In this year’s crop of contenders, we’ve got three biopics, some sticky family dynamics, not a single nominee from a movie that’s in the running for Best Picture and one newbie, Kristen Stewart, joining four Oscar veterans who have 15 nominations and three wins among them. The most recent victor of the group, Olivia Colman, returns with an arresting performance in The Lost Daughter as a woman wrestling with the weight of being a parent, a predicament not unlike the one Penélope Cruz’s character grapples with in Parallel Mothers. Motherhood has long been a fertile subject for Oscar voters—as has the British royal family. And in Spencer, Stewart presents us with a Princess of Wales who is miserable about everything but her children. Meanwhile, Nicole Kidman dissects Hollywood royalty as the legendary Lucille Ball in Being the Ricardos, and Jessica Chastain digs into the human side of televangelist Tammy Faye Bakker in The Eyes of Tammy Faye.

Jessica Chastain, The Eyes of Tammy Faye

From the caked-on mask of makeup to the gaudy, bejeweled clothing, Tammy Faye Bakker was a caricature of her own creation. That can be treacherous for an actor, but Chastain finds the humanity under the Betty Boop squeak and forces us to reconsider a woman so maligned. “Here’s this rebel in the church,” the actress said. “She took up so much space—her voice, her singing, her outfit, everything about her was large, and I think she was punished for that. So I want to celebrate her for it.”

Olivia Colman, The Lost Daughter

As Leda, an academic on holiday in Greece, Colman moves with a crisp restraint that belies deep inner turmoil, the roots of which we come to understand as she becomes increasingly fascinated with a vacationing family. She is particularly drawn to a young mother whose struggles stir up painful memories of her own maternal experience. In her review, TheWrap’s Yolanda Machado deemed Colman “absolutely fantastic: Even when Leda is sitting still, Colman’s body language, posture and facial expressions deliver worlds of emotion.”

Penélope Cruz, Parallel Mothers

Cruz’s seventh pairing with writer-director Pedro Almodóvar finds the Oscar-winning actress playing her sixth mother for him. But there was nothing familiar about her character, Janis, a photographer who, after giving birth to a baby girl, makes a painful discovery that she covers up. “Her moral dilemma was really interesting to play,” Cruz said. “She’s becoming an incredible liar in her own house, and to play somebody that had to become a great liar for her survival gave me crazy adrenaline. But I enjoyed every second of it.”

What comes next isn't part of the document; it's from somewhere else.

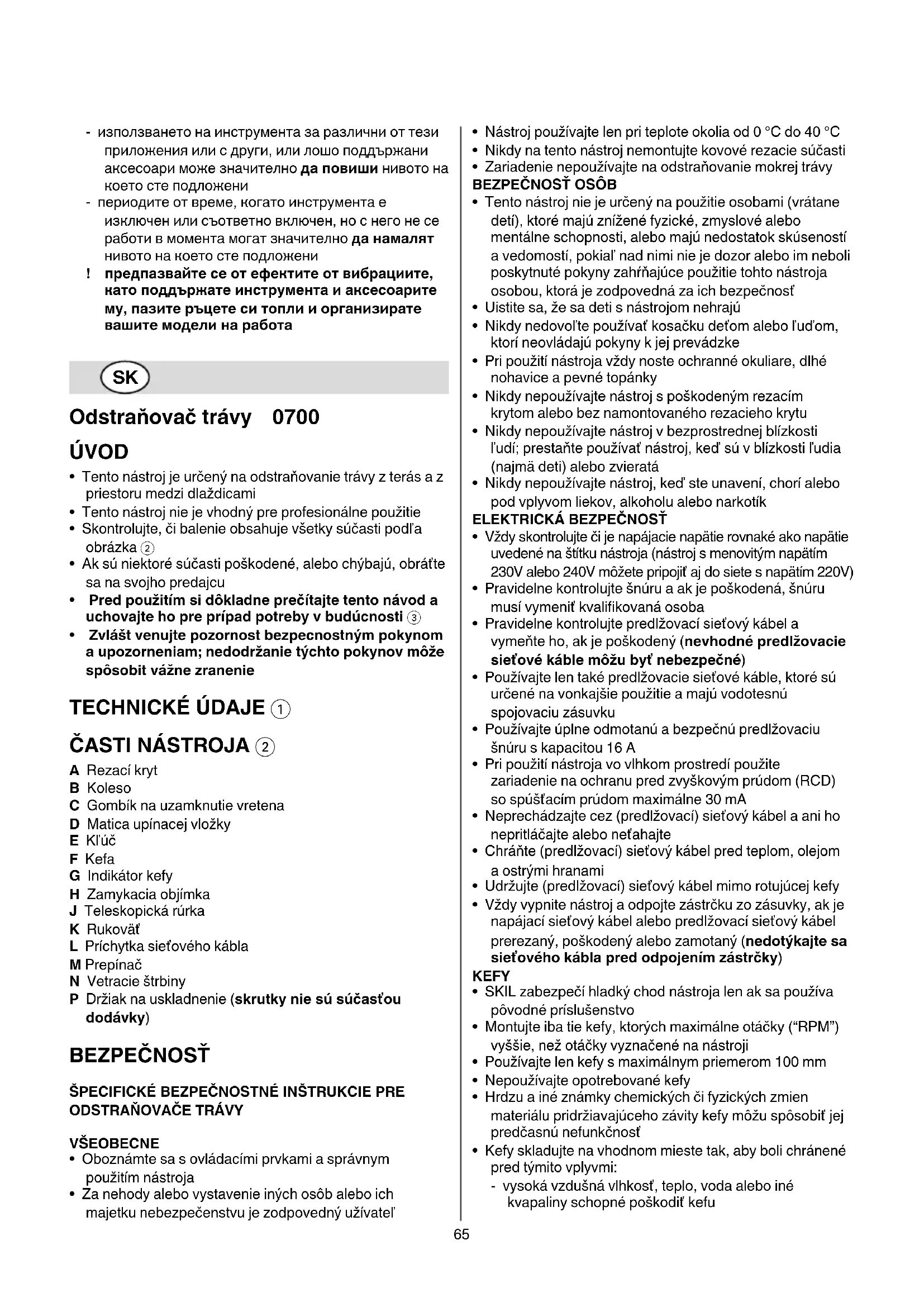 - Zvláštvenujtepozornostbezpecnostnýmpokynom aupozorneniam;nedodržanietýchtopokynovmôže spôsobitvážnezranenie TECHNICkÉ ÚDAJE 1 ČASTINÁSTROJA2 A Rezací kryt B Koleso C Gombík na uzamknutie vretena D Matica upínacej vložky E Kľúč F Kefa G Indikátor kefy H Zamykacia objímka J Teleskopická rúrka k Rukoväť l Príchytka sieťového kábla m Prepínač N Vetracie štrbiny P Držiak na uskladnenie (skrutkyniesúsúčasťou dodávky) BEZPEČNOSŤ

Nicole Kidman, Being the Ricardos

Hollywood lives to celebrate its own, and Kidman, playing one of the most beloved performers of all time, offers Oscar voters plenty to moon over. In Aaron Sorkin’s film about one very bad week in 1952 for Lucille Ball, Kidman incarnates the shrewd, raspy-voiced businesswoman who worked her tail off to “kill” on 36 episodes of comedy a year and the wide-eyed I Love Lucy housewife whose legendary high jinks brought in 60 million viewers a week. It was a daunting task, even if writer-director Sorkin didn’t want impersonations. In the end, Kidman simply looked to the script and found the real woman behind the famous waaaaaaaah!

Kristen Stewart, Spencer

In Pablo Larraín’s biopic/horror movie/surreal family drama, Stewart serves up a complex interpretation of a Lady Diana who is a far cry from the People’s Princess. Unraveling over a dreadful few days at the royal Sandringham estate, Diana encounters ghosts, converses with pheasants and harms herself with a wire cutter. Stewart gracefully blends the well-trod, sympathetic tropes of Lady Di—her doe-eyed,
downcast gaze, her devotion to her sons—with less familiar behavior, like self-absorption, petulance, self-pity. As TheWrap’s Jason Solomons wrote, “It’s certainly a royal biopic like no other and, losing her head like Anne Boleyn before her, Kristen Stewart gives it her all.”

Steve’s Perspective


After back-to-back nominations for 2011’s The Help and 2012’s Zero Dark Thirty, it was clearly only a matter of time until Jessica Chastain won an Oscar. So it’s a shock to realize that Tammy Faye is her first nomination since then—in a year in which this category is unexpectedly wide open. Chastain’s SAG and Critics Choice wins may give her an edge, but Kidman won the Golden Globe, Stewart has a good redemption story after being snubbed by SAG and BAFTA and you can’t underestimate the possibility of international voters rallying behind Cruz.